Single by 2PM

from the album Grown
- Released: May 6, 2013
- Recorded: 2013
- Genre: K-pop; Electropop; R&B;
- Length: 3:38
- Label: JYP
- Songwriters: Park Jin-young; Ok Taec-yeon;
- Producer: Park Jin-young

2PM singles chronology
| "Masquerade" (2012) | "Comeback When You Hear This Song" (2013) | "A.D.T.O.Y." (2013) |

Music video
- "Comeback When You Hear This Song" on YouTube

= Comeback When You Hear This Song =

2013 single by 2PM

"Comeback When You Hear This Song" is a song recorded by South Korean boy group 2PM. It is one of two title tracks for their studio album Grown, released by JYP Entertainment on May 6, 2013.

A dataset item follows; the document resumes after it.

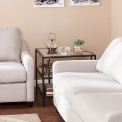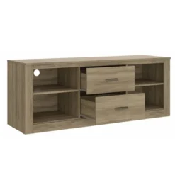 Featuring a two-tone finish and extensive storage space, the Rikke TV stand unifies style and function. Constructed from solid particle board, the Rikke features two open shelves to store DVD players, game consoles, and more. One circular cut-out behind the shelves enables easy concealment of cables and wires. Additional storage space is provided by two spacious drawers and a concealed shelf behind a door. A two-tone gray and walnut brown finish are paired with long, vertical brown PVC handles to give this piece a cool, contemporary feel. The Rikke TV stand is made in Malaysia and requires assembly. Dimensions: 17.1″ High x 70.9″ Wide x 15.7″ Deep; Drawer: 3.1″ High x 21.8″ Wide x 14″ Deep; Shelf: 6″ High x 22.8″ Wide x 14″ Deep; Legs: 1.2″ High

==Background and release==
On April 29, 2013, JYP Entertainment revealed the title and track list of 2PM's third studio album, Grown, which would feature a double title track: "Comeback When You Hear This Song" and "A.D.T.O.Y." On May 6, 2013, 2PM released the music video for "Comeback When You Hear This Song" and digitally released the album Grown, minus the second title track, "A.D.T.O.Y."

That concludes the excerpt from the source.